David Flynn15 July 2008, 10:57 PM
Microsoft is readying the first beta of its next Office suite – and web versions of Word, Excel and PowerPoint could be on the cards.
If loose lips sink ships, the next version of Windows and Office are for now staying well afloat and steaming ahead. The software colossus has to date remained tight-lipped when it comes to the 2009 edition of the company’s two cash cows.
It’s the unmistakable legacy of Steven Sinofsky, now senior vice president for Windows and previously in charge of Office 2000 through to Office 2007. Sinofsky ran a tight ship during his Office tenure and those habits have taken root, at the same time as he exerts the same discipline over at the
Windows 7 bunker.
However, Office 14 (Microsoft
skipped the unlucky '13') is working to a strict timetable – and that timetable decrees that Beta 1 should be ready to drop. In fact, it indicates that Microsoft is already a little off the pace: Beta 1 was slated for the first half of 2008, and we’ve just nudged into the back end of the year. But we’re willing to cut the ’Softies a little slack because, well, we can’t think of the last time such a major release hit the bullseye.
In fact, the same timetable suggests that Office 14 should be ready for release in the first half of 2009, and we can’t see
that happening. No, we’re punting on an RTM (Release To Manufacture) date well into the second half of 2009, which would likely see Office 14 christened as Office 2010.

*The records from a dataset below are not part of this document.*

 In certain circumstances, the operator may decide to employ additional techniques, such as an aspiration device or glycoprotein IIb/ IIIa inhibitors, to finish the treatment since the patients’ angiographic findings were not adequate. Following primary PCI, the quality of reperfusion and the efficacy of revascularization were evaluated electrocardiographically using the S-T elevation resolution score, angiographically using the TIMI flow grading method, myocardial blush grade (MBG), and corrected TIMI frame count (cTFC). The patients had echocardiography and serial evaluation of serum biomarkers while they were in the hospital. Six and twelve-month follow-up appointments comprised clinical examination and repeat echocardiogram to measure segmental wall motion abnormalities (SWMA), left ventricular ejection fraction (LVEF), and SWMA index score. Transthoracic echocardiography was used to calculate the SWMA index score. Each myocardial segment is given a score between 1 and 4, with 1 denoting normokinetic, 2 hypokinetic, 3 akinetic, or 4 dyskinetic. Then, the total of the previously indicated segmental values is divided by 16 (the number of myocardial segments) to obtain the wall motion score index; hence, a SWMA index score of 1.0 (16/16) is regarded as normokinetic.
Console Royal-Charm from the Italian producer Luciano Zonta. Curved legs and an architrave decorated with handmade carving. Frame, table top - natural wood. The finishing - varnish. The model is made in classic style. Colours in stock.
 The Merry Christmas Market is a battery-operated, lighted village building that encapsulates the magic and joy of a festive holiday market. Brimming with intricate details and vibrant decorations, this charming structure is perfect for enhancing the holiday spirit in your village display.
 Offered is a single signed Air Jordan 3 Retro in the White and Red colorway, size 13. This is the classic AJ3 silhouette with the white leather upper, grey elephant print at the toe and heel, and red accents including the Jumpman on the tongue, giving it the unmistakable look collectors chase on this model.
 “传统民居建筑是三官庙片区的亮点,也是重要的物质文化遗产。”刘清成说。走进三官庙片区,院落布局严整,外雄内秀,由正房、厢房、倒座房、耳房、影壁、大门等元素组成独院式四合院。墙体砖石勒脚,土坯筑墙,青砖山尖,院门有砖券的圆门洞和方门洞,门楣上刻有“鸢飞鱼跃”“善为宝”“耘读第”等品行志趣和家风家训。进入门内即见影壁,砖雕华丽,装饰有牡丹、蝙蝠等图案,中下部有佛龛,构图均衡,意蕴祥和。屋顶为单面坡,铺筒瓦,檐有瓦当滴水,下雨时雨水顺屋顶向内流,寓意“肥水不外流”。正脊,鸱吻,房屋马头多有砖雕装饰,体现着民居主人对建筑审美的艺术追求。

That would fit nicely into a similar release schedule for Windows 7 (Windows 2010?), and repeat the pattern that’s seen a simultaneous launch of the new versions of Windows and Office in the days of 95, XP and Vista. Let's face it -- Microsoft wants to sell you Windows and Office as a package and figures it's easiest to do so when people are naturally shelling out for a new PC.

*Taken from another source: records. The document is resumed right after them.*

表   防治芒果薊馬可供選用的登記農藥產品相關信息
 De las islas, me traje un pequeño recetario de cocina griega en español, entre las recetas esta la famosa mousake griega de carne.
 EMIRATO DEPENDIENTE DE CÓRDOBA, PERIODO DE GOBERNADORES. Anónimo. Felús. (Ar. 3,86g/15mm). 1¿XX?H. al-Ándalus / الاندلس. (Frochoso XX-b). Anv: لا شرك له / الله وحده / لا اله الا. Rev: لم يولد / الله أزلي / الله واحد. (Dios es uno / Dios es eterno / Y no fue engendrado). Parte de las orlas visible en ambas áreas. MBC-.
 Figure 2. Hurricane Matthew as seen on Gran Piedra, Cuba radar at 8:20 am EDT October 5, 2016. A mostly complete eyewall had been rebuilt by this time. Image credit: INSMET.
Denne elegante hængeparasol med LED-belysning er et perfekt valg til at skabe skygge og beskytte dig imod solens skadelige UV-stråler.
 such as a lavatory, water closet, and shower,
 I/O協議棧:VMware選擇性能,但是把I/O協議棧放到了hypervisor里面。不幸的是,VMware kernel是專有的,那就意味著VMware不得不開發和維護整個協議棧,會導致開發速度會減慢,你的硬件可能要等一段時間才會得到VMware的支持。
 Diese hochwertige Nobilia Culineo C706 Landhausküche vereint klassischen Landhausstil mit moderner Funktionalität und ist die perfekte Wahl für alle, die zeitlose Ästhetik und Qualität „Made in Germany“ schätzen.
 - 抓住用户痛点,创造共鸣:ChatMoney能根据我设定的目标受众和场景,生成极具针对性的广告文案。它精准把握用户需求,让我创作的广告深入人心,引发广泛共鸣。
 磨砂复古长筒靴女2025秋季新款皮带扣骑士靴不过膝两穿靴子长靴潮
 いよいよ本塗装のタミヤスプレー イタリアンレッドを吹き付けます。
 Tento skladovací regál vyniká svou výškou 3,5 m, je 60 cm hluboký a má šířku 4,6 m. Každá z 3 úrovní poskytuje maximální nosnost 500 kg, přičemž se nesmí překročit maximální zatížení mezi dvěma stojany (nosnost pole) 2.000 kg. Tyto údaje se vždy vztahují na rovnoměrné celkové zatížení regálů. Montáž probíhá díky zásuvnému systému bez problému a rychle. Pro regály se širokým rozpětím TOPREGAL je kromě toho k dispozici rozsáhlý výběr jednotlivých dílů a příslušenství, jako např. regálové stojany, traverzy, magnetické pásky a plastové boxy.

In addition to the aforementioned timetable, something else we know about Office 14 is that Microsoft wants it to take a carefully measured step in the direction of online applications and ‘cloud computing’ while helping Office maintain its desktop-resident dominance.
The answer, according to Bill gates when he addressed Microsoft’s Office System Developer Conference in San Jose, California earlier this year, was to extend the model of Outlook Web Access to the rest of the suite so that users could access their applications and data online.

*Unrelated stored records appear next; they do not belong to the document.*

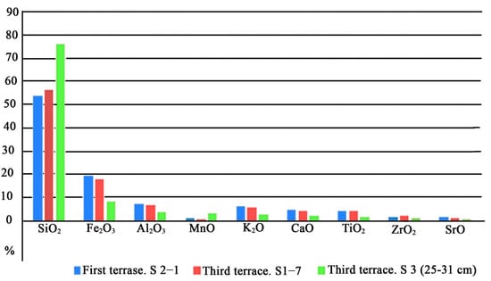 It can be seen from the obtained figure that on the island of Sardakh there was an active accumulation of quartz under the influence of the river, as well as weathering processes of primary and secondary minerals in time. During seasonal freezing/thawing processes, minerals are destroyed and quartz particles accumulate. We can also observe a decrease in the content of various oxides (iron, aluminum, potassium, calcium, titanium) in the studied soils. This fact was also noted in the area of the Nadym river basin, where the content of quartz particles increased with age and depth, while the content of oxides (iron, aluminum, potassium, calcium, titanium) decreased []. This tendency can be traced from the youngest soils to the oldest from the obtained sample. According to the cryogenic processes, in the permafrost zone, oxides in acidic conditions exhibit active migration ability and, during cryogenic mass exchange, can accumulate in permafrost soils.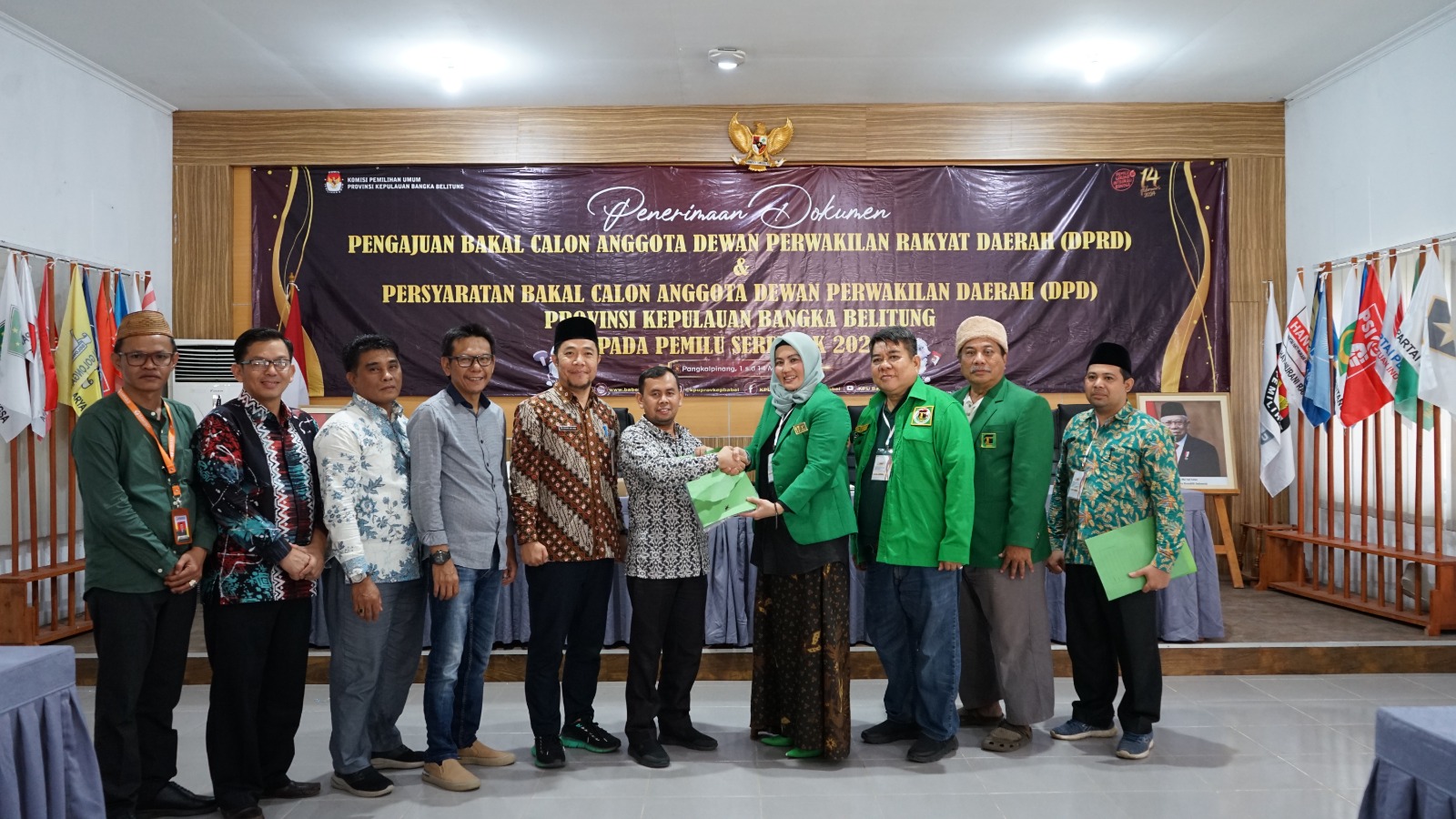 Hasil pengawasan yang dilakukan oleh Bawaslu Babel, terpantau hari ini 2 (dua) Bakal Calon Anggota DPD yang menyerahkan dokumen, yaitu atas nama Alexander Fransiscus dan Herry Erfian, berkasnya diterima oleh KPU serta 2 (dua) Parpol yang menyerahkan dokumen yaitu Partai Amanat Nasional (PAN) berkasnya diterima oleh KPU dan Partai Persatuan Pembangunan (PPP) berkasnya dikembalikan untuk dilakukan perbaikan.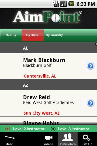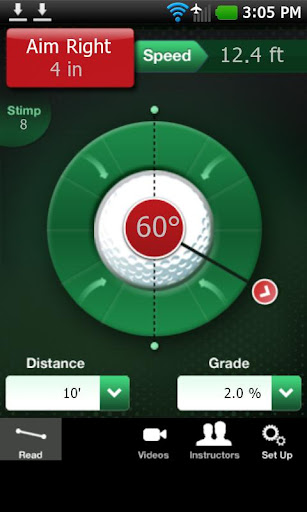 Get the power of AimPoint Technology's Emmy Award winning putt prediction software on your Android device. The same green reading physics you've seen on the Golf Channel for years is now available to all golfers and will show you the expected break and speed for your putt. Put the use of our patented AimCharts to work for multiple green speeds and slopes. In addition, the video section will give you tips on how to use AimPoint Green Reading techniques including measuring the stimp, identifying your angle to the slope, understanding optimum capture speed, and more. This app is a complement to AimPoint Green Reading instruction and does not cover the entire curriculum. For more education see an AimPoint Certified Instructor, you can find instructor listings and locations in the app.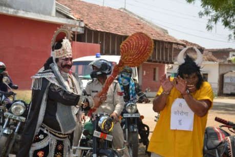 कवर्धा बाजार चारभांठा पुलिस चौकी प्रभारी गीताजंली सिन्हा के नेतृत्व में चौकी स्टॉफ ने यमराज व कोरोना का कास्यटूम पहनकर गांव-गांव जाकर लोगों को इसके बारे में जानकारी दी. पुलिस की इस पहल का लोगों ने स्वागत किया है. अन्य जगहों पर भी पुलिस लोगों को जागरूक करने के अलग-अलग तरीके अपना रही है. सामान्य तरीकों से जरा हटके के कुछ करने के प्रयास में पुलिस काफी हद तक कामयाब हो रही है. अलग तरीके से वो लोगों का ध्यान अपनी ओर खींच रहे हैं.

“Outlook Web Access is not the full version of Outlook, but if you want to go into a kiosk or an Internet cafe and browse and connect, it gives you plenty of functionality” Gates observed, in response to a developer’s question from the floor about how Office could compete with Google Apps. “As we look at all the modules (in Office 14) have in mind the equivalent of Outlook Web Access.”
“If you look at spreadsheets, maybe you'll not be able to set up all the data models [online], but you'll be able to read documents, change a few assumptions and try things out,” Gates said.
The broader philosophy behind this was expounded by CEO Steve Ballmer last week during Microsoft’s Worldwide Partner Conference in Houston, Texas. Ballmer re-iterated the company’s belief in what he calls “Software Plus Services”. This is Microsoft’s own mash-up of the PC platform, the Internet and the hardware itself “in which the world moves to integrating ... the best of the personal computer, with the best of the enterprise, with the best of the Internet, with the best of devices” Ballmer explained.
“The PC gives you control; the enterprise gives the business control; the Internet gives us scale, anytime operation, and immediate deployment; and devices give us the convenience of new form factors.”
And the future, Ballmer sees “is about having a platform in the cloud, just as we have an operating system for the client, for the server, for devices. (For) deployment, the world will insist on a model that I call ‘Click to Run’. That's kind of the way Web sites today work, or HTML works: you click something and it runs. You don't click (and) hit install, you don't click and configure, you click to run. And the model in the Software Plus Services world will be a model of Click to Run”.
“The same thing for Microsoft Office. You'll see a range of announcements over the next six months about the directions we're taking with Microsoft Office. We need to make it click to run. We don't need to make it less full-featured, and less functional, and less capable, but we have to drive it down this path.”